== EXERCISE AIM ==
When you reach the line containing "無垢材ルンジファンオールドラ" in the entries below, start writing out each line exactly, and stop after the line containing "Bayer dominates possession".

╔══

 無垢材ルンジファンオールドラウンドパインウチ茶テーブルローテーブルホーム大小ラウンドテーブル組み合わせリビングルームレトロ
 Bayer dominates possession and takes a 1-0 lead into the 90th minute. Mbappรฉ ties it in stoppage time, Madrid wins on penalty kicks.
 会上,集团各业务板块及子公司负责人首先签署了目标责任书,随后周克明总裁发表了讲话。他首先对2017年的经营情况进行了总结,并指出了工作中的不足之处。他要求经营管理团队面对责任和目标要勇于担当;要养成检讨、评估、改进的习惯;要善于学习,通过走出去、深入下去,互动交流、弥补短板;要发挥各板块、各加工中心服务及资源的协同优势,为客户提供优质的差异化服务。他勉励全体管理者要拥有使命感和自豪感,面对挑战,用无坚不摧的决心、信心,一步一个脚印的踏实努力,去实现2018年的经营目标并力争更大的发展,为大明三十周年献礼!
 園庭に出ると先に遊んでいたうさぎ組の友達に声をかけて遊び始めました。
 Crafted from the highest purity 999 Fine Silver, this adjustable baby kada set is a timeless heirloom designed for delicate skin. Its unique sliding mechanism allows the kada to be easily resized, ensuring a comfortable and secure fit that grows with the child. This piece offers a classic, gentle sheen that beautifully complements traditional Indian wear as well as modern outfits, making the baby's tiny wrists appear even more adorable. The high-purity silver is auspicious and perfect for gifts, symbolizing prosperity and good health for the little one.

╚══
╔══

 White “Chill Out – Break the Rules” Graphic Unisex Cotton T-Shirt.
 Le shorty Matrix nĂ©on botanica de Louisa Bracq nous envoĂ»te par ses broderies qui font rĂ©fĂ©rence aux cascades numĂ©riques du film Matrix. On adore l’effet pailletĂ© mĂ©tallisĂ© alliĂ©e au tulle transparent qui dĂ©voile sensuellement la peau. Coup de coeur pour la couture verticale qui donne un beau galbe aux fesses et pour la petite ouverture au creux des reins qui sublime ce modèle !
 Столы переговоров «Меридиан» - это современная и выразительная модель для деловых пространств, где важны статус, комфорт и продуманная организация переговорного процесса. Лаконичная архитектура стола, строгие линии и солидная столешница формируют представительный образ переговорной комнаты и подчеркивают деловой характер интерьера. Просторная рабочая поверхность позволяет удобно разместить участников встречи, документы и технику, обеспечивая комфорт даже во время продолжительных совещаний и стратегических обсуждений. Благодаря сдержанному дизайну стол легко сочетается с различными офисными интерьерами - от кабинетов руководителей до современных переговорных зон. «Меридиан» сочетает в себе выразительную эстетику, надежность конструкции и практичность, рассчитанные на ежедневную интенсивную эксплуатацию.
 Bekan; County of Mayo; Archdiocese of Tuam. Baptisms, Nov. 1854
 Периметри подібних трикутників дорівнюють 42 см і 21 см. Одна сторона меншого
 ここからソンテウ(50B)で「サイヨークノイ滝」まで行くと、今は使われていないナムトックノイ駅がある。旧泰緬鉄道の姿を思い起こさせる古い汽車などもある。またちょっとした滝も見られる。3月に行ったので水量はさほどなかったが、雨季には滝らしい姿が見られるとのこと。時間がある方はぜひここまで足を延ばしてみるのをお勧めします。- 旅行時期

╚══

== EXERCISE RESPONSE ==
 無垢材ルンジファンオールドラウンドパインウチ茶テーブルローテーブルホーム大小ラウンドテーブル組み合わせリビングルームレトロ
 Bayer dominates possession and takes a 1-0 lead into the 90th minute. Mbappรฉ ties it in stoppage time, Madrid wins on penalty kicks.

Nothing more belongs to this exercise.